Chemtai arrived in Israel as an employee of the Kenyan consulate and later married track coach Dan Salpeter. Last February, after she qualified to run the marathon in Rio, the public, the media, the Israeli Athletics Association and the Olympic Committee of Israel all mobilized to help her obtain citizenship.

She and Salpeter had their first child 20 months ago, and Chemtai is still breastfeeding him. Even while en route to the Tel Aviv marathon, where she qualified for Rio, she and Salpeter turned around and went back home when her mother-in-law called to say he was hungry. “She got out of the car, nursed him for 15 minutes, and then we went on to Tel Aviv,” Salpeter recalled.

Last Sunday, Chemtai was on the starting line for her first Olympics, waiting to realize the dream that she and her husband had worked so hard to achieve. But she left the race at the 33rd kilometer.

Later that day, she posted an explanation on Facebook. “Unfortunately, I was forced to stop by a shoulder problem,” she wrote. “As you all know, I’m still nursing my 20-month-old son. During my training in Kenya, I tried to stop, but it caused me pain and a shoulder problem due to running with breasts full of milk. This limited me in the European championships in Amsterdam (a half-marathon) and happened again today. I promise to attain respectable achievements in the future and am going forward with head held high.”
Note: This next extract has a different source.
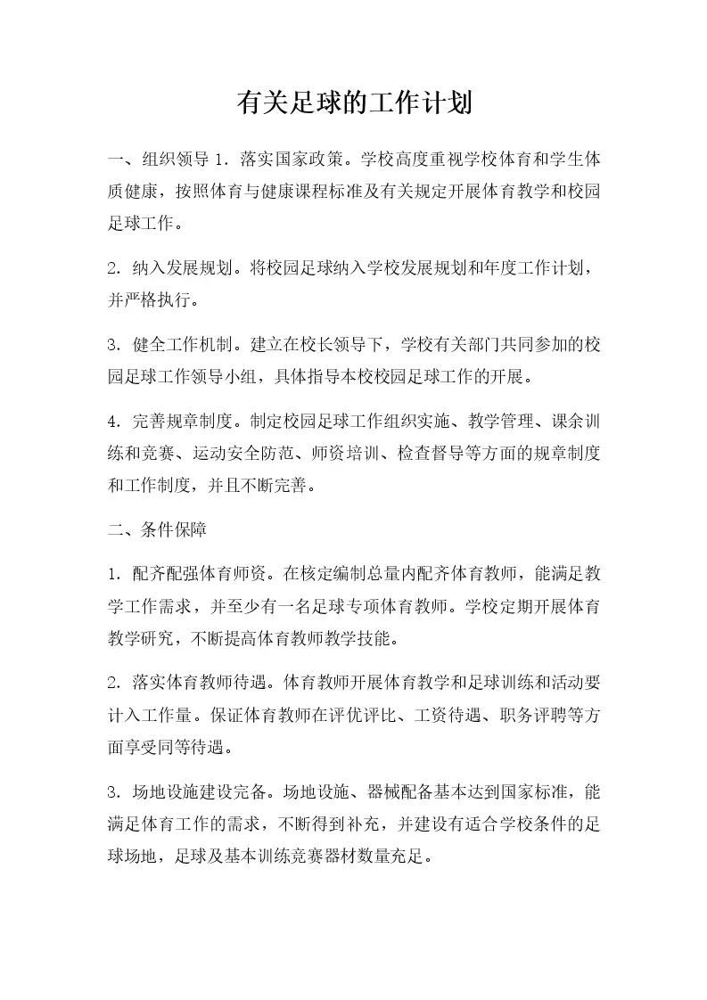 有关足球的工作计划

Many people responded with sympathy and support. But others voiced harsh criticism. “Some of the media took the word ‘nursing’ and turned into the direct cause of her withdrawal,” Salpeter said. “It created a lot of disproportionate and very unsympathetic responses.”
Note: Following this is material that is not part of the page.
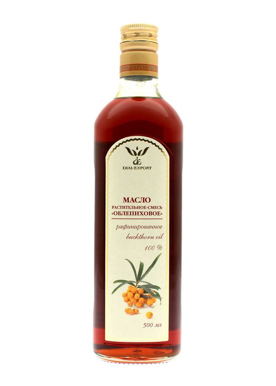 Это масло выделяется благодаря своему насыщенному красно-оранжевому цвету и специфическому приятному запаху. Масло из облепихи DIAL EXPORT не является БАДом, оно применяется в кулинарии и обладает большим количеством лечебно-профилактических свойств. Среди других масел оно выделяется благодаря содержанию витаминов группы В, витамина А, РР, Е, С, каротиноидов (около 40%) и многих микроэлементов. Является природным антибиотиков, повышает тонус и иммунитет. Нагревать не рекомендуется!

“I’m nave,” he added. “I thought there would be sympathy and empathy, but I was shocked.”

Chemtai decided early on to keep nursing until her son tired of it, Salpeter said. “It’s something that develops her as a mother, and it’s something we, as men, with all due respect, will apparently never understand.”

Lonah Chemtai Korlima with son Roy Credit: Baz Ratner, Reuters

Nevertheless, she tried to wean her son two months ago, while she was training in Kenya. “We said, for Rio, ‘no more nursing,’” Salpeter recalled. “We didn’t know what to expect, but her breasts really swelled, and in that situation, it’s hard to train; she was really crying and suffering.”

Within a few days, she resumed nursing, “but in hindsight, the damage was already done,” Salpeter said. “She began having shoulder pain, apparently from that training session she ran in Kenya with her breasts full of milk. Running when you’re lugging an extra two kilos apparently creates strain on the shoulders.”

Ever since that training session, Chemtai has had episodic pain in her right shoulder. Salpeter asked the athletics association to let them bring their son to Rio so she could nurse during the games, but the association refused. Instead, she pumped milk before the race so she wouldn’t have full breasts.

Everything started according to plan in Rio. By the 30th kilometer, Chemtai’s time had put her in the top half, ranked about 90. But then her shoulder started hurting again.

“She tried to bear it, but she was in so much pain she couldn’t even hold her water bottle,” Salpeter said. “She had hellish, stabbing pains in her chest, and they shot into her neck, her arm, everywhere.” So eventually, she dropped out.

Salpeter acknowledged that as a coach, he usually “demands that the athlete finish the race under any circumstances. But Lonah is a fighter, and if she decided to stop, I believe she had a good enough reason.”

He and Chemtai are proud that she was able to breast-feed while also steadily improving her performance to the point that she qualified for the Olympics. Her Facebook post after withdrawing “wasn’t to offer an excuse, but to tell the nation what had happened,” he said.

“Even if she had finished in 40th place, people would have had something to say about that, without even understanding the significance of the result or the achievement,” he noted.

Now, he and Chemtai are both looking ahead, to future races. “I’m quite happy that these are our problems,” Salpeter said. “Lonah’s just starting out ... and she’s hungry to succeed. I believe that soon, she’ll make a lot of people shut up.”